> **About this exercise**: The line containing "拟支持北京京西、大连沿海、黑" marks the end: restate word for word every line from the first line of the entries below through that one.

> **Entries provided**:
• • •

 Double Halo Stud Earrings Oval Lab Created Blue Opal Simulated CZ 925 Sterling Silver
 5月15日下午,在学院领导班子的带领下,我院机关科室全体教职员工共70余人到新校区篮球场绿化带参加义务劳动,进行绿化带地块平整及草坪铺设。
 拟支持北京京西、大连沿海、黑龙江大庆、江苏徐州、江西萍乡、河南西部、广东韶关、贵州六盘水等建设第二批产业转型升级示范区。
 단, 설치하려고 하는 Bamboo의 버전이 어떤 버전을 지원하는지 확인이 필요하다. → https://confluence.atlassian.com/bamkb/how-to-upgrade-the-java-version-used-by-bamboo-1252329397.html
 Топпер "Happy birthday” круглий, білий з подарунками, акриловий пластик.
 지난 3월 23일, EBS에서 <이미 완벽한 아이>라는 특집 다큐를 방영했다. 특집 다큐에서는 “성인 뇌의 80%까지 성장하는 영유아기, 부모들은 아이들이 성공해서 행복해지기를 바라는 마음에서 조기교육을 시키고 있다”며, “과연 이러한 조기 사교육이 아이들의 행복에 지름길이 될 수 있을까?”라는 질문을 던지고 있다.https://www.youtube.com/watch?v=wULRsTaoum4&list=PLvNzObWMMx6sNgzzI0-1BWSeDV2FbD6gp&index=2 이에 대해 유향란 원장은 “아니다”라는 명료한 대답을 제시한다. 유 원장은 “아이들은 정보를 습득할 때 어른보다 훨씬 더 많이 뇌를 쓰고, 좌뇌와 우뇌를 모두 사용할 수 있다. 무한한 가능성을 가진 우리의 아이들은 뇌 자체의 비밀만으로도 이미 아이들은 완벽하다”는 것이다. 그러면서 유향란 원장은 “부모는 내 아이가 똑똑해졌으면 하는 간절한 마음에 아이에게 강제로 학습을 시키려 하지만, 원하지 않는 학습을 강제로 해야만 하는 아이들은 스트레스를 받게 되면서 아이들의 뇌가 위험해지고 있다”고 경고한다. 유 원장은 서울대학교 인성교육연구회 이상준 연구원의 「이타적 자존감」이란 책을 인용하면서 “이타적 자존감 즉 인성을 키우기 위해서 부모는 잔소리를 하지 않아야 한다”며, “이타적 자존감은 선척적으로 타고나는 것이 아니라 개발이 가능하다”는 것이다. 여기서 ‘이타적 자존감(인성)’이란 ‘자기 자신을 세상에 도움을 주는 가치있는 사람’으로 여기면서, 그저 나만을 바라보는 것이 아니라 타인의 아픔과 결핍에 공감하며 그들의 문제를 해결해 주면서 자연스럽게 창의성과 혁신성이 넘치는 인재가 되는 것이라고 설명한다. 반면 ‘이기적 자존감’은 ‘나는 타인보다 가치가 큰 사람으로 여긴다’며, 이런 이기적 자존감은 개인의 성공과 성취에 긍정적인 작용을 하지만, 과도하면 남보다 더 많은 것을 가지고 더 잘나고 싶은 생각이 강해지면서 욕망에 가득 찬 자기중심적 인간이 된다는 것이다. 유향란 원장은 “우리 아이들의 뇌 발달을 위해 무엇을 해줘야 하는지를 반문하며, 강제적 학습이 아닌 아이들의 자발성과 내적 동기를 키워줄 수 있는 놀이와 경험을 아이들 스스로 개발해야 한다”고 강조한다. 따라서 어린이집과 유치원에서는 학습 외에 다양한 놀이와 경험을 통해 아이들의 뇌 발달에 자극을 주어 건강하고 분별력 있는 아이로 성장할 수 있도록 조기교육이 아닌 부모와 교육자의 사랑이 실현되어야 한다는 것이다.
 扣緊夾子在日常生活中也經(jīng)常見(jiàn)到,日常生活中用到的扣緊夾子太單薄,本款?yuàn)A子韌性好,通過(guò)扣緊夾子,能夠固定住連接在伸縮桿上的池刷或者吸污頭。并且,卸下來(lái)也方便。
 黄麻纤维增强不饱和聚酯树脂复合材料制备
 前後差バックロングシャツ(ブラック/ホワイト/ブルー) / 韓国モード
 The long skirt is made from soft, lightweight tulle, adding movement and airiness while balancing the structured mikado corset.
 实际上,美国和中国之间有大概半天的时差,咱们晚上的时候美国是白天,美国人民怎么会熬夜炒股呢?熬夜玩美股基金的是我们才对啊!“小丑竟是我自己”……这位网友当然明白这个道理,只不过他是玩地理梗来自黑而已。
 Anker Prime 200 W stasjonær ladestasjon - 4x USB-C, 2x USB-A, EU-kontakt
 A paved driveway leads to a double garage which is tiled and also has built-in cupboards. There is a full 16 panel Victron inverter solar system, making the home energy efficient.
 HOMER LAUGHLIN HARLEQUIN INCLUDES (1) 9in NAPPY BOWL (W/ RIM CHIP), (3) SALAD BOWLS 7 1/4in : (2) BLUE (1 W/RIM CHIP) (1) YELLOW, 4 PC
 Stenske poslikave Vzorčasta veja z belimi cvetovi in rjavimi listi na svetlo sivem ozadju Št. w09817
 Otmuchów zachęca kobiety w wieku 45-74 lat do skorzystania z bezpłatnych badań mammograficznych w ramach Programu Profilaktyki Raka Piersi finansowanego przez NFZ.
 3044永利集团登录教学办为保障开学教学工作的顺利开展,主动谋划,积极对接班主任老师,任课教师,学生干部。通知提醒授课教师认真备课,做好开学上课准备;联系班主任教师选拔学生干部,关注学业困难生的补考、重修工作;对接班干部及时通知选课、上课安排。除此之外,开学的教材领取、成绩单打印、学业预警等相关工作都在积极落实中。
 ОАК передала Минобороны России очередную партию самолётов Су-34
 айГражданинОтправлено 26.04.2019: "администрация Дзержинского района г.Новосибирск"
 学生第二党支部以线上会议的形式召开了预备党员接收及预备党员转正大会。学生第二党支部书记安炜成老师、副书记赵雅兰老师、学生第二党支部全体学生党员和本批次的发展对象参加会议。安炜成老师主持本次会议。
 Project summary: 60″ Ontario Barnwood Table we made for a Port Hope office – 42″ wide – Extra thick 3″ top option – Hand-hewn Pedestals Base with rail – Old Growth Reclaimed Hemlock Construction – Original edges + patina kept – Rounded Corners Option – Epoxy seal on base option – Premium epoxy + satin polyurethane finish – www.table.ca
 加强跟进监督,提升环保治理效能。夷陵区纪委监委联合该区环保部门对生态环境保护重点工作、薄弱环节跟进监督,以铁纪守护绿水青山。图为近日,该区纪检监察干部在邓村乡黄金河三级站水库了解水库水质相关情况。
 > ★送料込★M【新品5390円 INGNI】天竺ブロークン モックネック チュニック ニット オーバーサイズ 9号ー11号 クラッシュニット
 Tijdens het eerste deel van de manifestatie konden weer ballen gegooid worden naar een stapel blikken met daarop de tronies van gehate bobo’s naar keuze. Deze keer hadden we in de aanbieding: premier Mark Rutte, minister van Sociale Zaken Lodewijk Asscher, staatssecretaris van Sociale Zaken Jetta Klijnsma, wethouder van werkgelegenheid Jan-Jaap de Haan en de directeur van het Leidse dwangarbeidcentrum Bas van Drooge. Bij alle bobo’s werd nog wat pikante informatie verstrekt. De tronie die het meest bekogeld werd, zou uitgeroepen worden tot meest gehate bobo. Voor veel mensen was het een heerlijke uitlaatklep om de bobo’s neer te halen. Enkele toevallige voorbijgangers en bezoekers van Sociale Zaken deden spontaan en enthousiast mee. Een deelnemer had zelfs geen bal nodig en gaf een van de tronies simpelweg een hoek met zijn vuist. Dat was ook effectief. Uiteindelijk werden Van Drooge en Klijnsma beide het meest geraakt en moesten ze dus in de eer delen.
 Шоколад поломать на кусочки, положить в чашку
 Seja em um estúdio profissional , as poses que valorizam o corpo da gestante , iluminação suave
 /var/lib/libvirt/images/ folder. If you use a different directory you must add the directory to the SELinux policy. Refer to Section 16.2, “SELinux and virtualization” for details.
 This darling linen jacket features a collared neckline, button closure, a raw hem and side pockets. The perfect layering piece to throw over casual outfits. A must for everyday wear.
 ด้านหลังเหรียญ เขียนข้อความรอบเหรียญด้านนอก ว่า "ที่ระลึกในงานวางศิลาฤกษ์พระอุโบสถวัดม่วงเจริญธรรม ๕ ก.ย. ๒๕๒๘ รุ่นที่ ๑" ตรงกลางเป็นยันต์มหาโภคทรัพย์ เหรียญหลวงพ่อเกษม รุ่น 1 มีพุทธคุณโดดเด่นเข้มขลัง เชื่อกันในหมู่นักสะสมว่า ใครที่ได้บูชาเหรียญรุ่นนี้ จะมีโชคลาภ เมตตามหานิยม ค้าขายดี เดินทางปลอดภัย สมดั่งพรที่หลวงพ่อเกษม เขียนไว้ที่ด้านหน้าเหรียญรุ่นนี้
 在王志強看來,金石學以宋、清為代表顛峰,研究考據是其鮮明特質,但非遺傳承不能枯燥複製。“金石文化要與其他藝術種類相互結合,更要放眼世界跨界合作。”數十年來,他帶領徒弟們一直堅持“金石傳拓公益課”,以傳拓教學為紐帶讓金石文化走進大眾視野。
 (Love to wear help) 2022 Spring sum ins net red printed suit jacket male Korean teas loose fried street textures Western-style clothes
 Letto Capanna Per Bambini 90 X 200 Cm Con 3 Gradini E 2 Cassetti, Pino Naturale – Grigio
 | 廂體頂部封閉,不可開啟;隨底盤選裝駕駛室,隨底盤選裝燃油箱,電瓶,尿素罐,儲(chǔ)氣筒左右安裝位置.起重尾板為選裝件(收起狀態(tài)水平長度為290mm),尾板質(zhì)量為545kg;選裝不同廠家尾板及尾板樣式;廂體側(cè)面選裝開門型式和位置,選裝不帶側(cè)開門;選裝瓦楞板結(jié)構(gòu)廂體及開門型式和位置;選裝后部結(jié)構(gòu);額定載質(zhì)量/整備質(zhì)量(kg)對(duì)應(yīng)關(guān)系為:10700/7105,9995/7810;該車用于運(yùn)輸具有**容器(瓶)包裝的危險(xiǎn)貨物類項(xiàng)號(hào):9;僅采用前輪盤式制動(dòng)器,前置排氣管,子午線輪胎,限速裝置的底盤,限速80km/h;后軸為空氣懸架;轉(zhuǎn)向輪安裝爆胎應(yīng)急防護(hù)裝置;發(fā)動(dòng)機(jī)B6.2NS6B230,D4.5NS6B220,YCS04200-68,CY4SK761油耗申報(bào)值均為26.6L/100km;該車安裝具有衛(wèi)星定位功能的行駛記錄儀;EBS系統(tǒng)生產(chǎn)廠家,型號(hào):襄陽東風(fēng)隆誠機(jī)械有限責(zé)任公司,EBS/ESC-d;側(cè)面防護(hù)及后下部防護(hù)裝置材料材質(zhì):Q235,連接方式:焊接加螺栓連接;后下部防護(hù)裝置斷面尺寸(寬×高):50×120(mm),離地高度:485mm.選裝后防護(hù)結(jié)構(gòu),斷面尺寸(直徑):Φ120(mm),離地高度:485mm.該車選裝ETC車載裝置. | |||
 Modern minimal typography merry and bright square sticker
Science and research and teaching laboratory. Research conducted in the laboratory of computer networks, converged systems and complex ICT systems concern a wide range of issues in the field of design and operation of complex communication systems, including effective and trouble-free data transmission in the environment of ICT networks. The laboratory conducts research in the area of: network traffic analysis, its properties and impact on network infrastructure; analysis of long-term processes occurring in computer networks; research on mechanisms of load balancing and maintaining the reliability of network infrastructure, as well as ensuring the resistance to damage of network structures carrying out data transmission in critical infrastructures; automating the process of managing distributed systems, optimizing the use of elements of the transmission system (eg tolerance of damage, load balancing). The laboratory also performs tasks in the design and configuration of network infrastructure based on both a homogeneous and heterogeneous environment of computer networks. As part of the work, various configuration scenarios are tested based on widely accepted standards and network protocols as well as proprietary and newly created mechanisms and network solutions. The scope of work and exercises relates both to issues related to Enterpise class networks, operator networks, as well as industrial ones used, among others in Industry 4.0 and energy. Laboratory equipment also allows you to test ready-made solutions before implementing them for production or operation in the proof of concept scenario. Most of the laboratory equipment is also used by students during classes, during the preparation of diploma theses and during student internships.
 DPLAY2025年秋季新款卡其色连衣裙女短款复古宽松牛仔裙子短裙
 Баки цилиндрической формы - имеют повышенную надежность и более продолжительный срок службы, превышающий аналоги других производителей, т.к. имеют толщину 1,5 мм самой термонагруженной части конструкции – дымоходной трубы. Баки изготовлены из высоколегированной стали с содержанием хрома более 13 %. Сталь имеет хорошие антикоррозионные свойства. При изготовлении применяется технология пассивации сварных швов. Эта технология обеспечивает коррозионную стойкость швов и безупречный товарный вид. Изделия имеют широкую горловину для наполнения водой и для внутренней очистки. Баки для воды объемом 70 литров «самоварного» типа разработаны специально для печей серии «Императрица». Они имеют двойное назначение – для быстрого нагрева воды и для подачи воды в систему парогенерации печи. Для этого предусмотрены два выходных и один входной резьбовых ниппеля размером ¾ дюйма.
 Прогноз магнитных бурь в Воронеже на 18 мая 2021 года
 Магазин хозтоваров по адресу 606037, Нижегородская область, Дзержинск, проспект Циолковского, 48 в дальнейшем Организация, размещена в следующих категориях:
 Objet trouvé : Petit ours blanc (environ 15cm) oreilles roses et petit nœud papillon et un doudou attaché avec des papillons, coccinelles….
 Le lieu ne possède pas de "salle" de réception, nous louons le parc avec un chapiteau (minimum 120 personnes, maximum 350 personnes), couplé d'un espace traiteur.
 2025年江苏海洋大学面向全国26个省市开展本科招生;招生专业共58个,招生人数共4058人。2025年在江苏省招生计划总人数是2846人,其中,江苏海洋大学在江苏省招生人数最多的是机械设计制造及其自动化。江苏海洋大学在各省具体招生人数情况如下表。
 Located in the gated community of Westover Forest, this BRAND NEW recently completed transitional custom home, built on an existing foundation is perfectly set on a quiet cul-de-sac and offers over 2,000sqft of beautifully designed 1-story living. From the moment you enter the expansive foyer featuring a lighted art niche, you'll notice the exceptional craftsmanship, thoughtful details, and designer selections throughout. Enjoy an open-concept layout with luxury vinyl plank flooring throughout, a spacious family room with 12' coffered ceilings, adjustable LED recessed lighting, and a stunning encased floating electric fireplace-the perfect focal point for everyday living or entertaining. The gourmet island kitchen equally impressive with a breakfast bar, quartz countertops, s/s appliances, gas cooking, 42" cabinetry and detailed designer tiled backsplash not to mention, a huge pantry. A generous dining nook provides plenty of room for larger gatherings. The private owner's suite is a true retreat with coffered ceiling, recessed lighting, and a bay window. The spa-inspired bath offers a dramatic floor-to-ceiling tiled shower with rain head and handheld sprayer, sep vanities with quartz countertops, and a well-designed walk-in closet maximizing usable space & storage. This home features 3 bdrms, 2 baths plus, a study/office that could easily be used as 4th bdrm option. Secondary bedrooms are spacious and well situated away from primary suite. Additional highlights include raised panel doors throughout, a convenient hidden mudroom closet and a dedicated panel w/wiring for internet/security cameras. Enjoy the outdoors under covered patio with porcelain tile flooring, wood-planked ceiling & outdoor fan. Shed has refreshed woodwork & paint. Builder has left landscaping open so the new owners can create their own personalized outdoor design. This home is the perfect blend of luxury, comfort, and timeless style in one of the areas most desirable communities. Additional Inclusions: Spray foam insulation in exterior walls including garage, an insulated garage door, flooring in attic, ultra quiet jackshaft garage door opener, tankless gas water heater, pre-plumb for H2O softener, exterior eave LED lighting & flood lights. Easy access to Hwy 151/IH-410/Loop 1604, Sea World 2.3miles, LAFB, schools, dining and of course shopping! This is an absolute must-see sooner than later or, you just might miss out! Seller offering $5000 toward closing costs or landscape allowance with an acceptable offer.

• • •

> **Response to this exercise**:
 Double Halo Stud Earrings Oval Lab Created Blue Opal Simulated CZ 925 Sterling Silver
 5月15日下午,在学院领导班子的带领下,我院机关科室全体教职员工共70余人到新校区篮球场绿化带参加义务劳动,进行绿化带地块平整及草坪铺设。
 拟支持北京京西、大连沿海、黑龙江大庆、江苏徐州、江西萍乡、河南西部、广东韶关、贵州六盘水等建设第二批产业转型升级示范区。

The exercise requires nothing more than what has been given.